What Should You Know About Cat Pregnancy?

Some of the most important things to know about cat pregnancy are the symptoms and gestures that they show. Cats are pregnant for just over two months.
What Should You Know About Cat Pregnancy?

Last update: 01 April, 2021

If you think that your kitten is pregnant, or you know she is and you want to look after her, then we recommend that you read this article. We’ll tell you everything you need to know about cat pregnancy.

Warning signs of cat pregnancy

When we think of cat pregnancy, we imagine cats with big bellies. However, you only see this after four weeks. Luckily, there are physical and behavioral signs of pregnancy that you can notice earlier than that.

A pregnant cat resting.

1. Pink nipples

Cats’ nipples swell from the first moments of pregnancy. Sometimes this also happens during heat, so it’s not always a reliable sign.

Something that happens specifically in pregnancy is that their nipples turn a more intense pink color. In fact, you can see this without looking too closely or even moving their fur.

2. Loss of appetite

If, for example, you have a kitten who loves to eat and all of a sudden she leaves her food on her plate, or she isn’t happy to see her food, then she might be pregnant.

Of course, you should take the cat to the vet to make sure that she isn’t ill. But, what you really want to know is if she’s expecting, and the specialist can confirm that too.

3. More naps

It’s true that cats like to sleep during the day and hunt or play at night, but they can also be active during the day. However, if your cat is pregnant, she will spend more hours sleeping or lying on the couch or bed.

In addition, another behavioral change is that they don’t play as much as usual. They jump and run less, and not as many objects catch their attention as before.

4. Opposite behavior

This means that if your pet was cuddly, she might be rougher, or vice versa. When they have a lot of confidence in their owners, pregnant cats get closer to them and want pets and attention at all times.

However, you have to know that, during cat pregnancy, she might get more scared, more suspicious or more nervous. Usually, this is more common in cats that live on the street or have been recently rescued. Also, you’ll want to keep your cat away from other pets in the house, even the ones that get along well.

Cat pregnancy week by week

Reproduction in cats is similar to that of all mammals. The male sperm reaches the female’s egg during copulation, and implants in the uterus within five days.

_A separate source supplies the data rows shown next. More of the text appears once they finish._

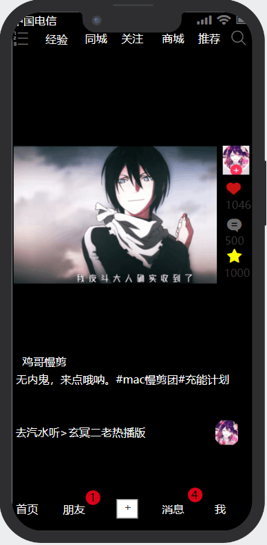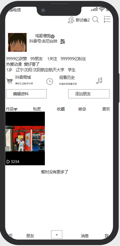 用户可以观看和修改自己的资料,添加朋友,也可以去商城购物,也可以观看自己的视频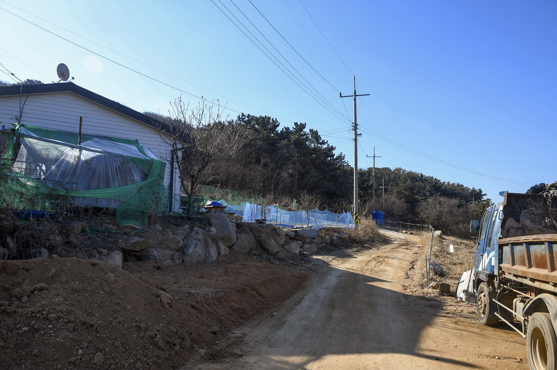 도로와 나란히 걷는 자전거 길이 있어 위험하지는 않다. 큰무리 어촌계의 풍경을 담아본다.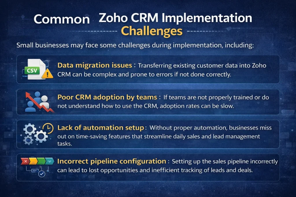 Implementing Zoho CRM can significantly improve how small businesses manage customer relationships, sales pipelines, and daily operations. With the right strategy, businesses can organize customer data, automate workflows, track sales performance, and improve lead conversion rates effectively.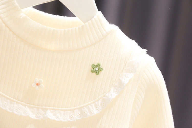 한국식 플로렛베이스 셔츠 새 늦가을 소녀들의 봄착용 어린이 반높이 칼라 T스토어 가기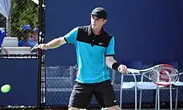 In July in Newport on the grass courts at the International Tennis Hall of Fame, he beat No. 5 seeded, world # 83 John Isner 6–3, 6–1.[63] Later in the month he beat Benjamin Becker of Germany, 6–3, 3–6, 7–6(8–6), at the Rogers Cup in Toronto.[64] In August at the New Haven, Connecticut International Series, he beat world # 67 Guillermo García López of Spain 6–0, 6–3, and world # 61 Steve Darcis, 2–0, retired. He broke into the top 100, at 96, on August 25.[2]

A pregnant cat lying on the sidewalk.

Cat pregnancy lasts between 64 and 67 days, or just over two months. The number of kittens per litter will depend on several factors, but they usually have between 1 and 5.

Between the first and third week, you don’t notice cat pregnancy too much, as we mentioned earlier. Around day 20, you can hear the kittens’ heartbeats on an ultrasound.

The embryos are 2 inches long and 0.2 ounces in weight around day 33 of pregnancy, but they only need 10 more days to double in size. That’s why, after around one month, you’ll notice a swollen belly.

Between the fourth and fifth week, the mother will start to feel nauseous. Don’t worry, it’s normal. In fact, it’s due to hormonal changes in her body, just like pregnant women.

As the kittens gain weight, the mother also gets a little fat, and she may want to eat more than normal. It’s very important to talk to the vet about the quantity and quality of food that you give her during this period. Not only is she feeding herself, but also her young.

At around 45 days, the kittens will develop their muzzle, and also the fur that will cover them throughout their lives. A few days later, it’s possible to feel the kittens move.

Labor happens around day 65. Babies usually weigh between 3 and 3.5 ounces, and are at least 4 inches long. You’ll realize the birth is about to happen a week before. The cat will look for a secluded, silent and calm place.

Final thoughts on cat pregnancy

Finally, it’s a good idea to prepare a cardboard box with towels and blankets so that she feels comfortable and can give birth without any problems. On the day of delivery, her intense meowing and nervousness will let you know that she’s about to deliver. Let her have her babies alone, but don’t neglect her if there’s any problem.